The palace was built by the 7th Dalai Lama in 1755 as the traditional summer palace and has the furnishings that the 14th Dalai Lama had until his exile in 1959 to India.

Serving as the administrative and religious centers, it is close to Portala Palace and has 1 of 3 parks adjoining it that remain of the 22 original parks in Lhasa. The highlight of this visit was the opportunity to dress like a Tibetan princess for a photo.
Our third UNESCO visit was to the most sacred and important Jokhang Temple, located in Bangkor Square in the old section of Lhasa that is the site of the most famous kora circumambulation ritual. Here, pilgrims prostrate themselves daily continuously by lying stretched out face down on the ground.

Prostration involves the full body above the knees touching the ground especially the hands. This Buddhist practice shows reverence for the Triple Gem (comprising the Buddha, his teachings and the spiritual community) and other objects of great reverence and respect. After the pilgrim is face down on the ground, he then gets up, walks 3 short steps forward and prostrates himself again all around the Jokhang Temple or any sacred site until 108 prostrations have been performed. And many pilgrims do this daily.
Buddhists believe prostration to be beneficial for practitioners because it is an experience of giving or veneration, an act to purify defilements especially conceit, a preparatory act before meditation, and an act that accumulates merit.
Each of the 108 prostration takes away defilement (greed, hate, delusion) and cleans a compartment in the mind. Sometimes a person has much anger, desire or a lazy mind and then must perform 300, 500 or 1000 prostrations. The person, then, is clean and is one with everything. Prostration purifies body, speech and mind.
Others circumambulate clockwise around Jokhang Temple and Bangor Square to shop in the colorful stores, formed as a bustling market for Tibetan and foreign goods. And I was still breathing just fine as I shopped.
Two huge prayer flag poles in front of Jokhang Temple were loaded with prayer flags. It is believed the energy of the prayers and sacred mantras on the flags flown in the wind will bring all good things to all who see them and their families, friends, and all people throughout the world.
The red flags signify fire, blue for sky/space, green for water, yellow for earth and white for wind/air/clouds.

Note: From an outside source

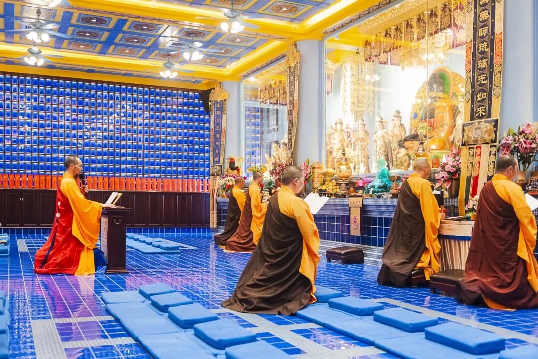 本次专修法会,忠明大和尚将带领寺院常住法师和义工,依药师法门专修仪轨如法修行(根据上级关于疫情防控的要求,法会不对外)。十方善信可通过寺院网络共修平台居家随喜参加线上共修,共沐佛恩,同沾法喜。(注意:在家许愿结名也需持八关斋戒,请提前一天茹素)

Large incense pots smoked 24 hours a day non-stop as worshipers regularly prayed as they put offerings into the pots. The incense smoke is not considered smoke because it communicates with the Gods.
The wonderful visit to Lhasa ended at the Enlightened Blind Massage Center with a massage. Started by Kyila, a blind lady herself, who had a dream at age 12 to help blind people have an occupation, the center opened in 2014.

After studying massage in Beijing, the students then come to the center in Lhasa to gain work and experience and hopefully one day open their own massage center. Kyila also opened a kindergarten in 2011 for blind children and it is very successful.

Our wonderful enlightening adventure came to an end but the experience will remain with us always.
The beautiful and friendly Tibetan people, the sacred Jokhang Temple, the magnificent Portala Place, and the very colorful Norbulingka Palace were truly outstanding UNESCO treasurers. And I didn’t miss a breath of air the entire visit.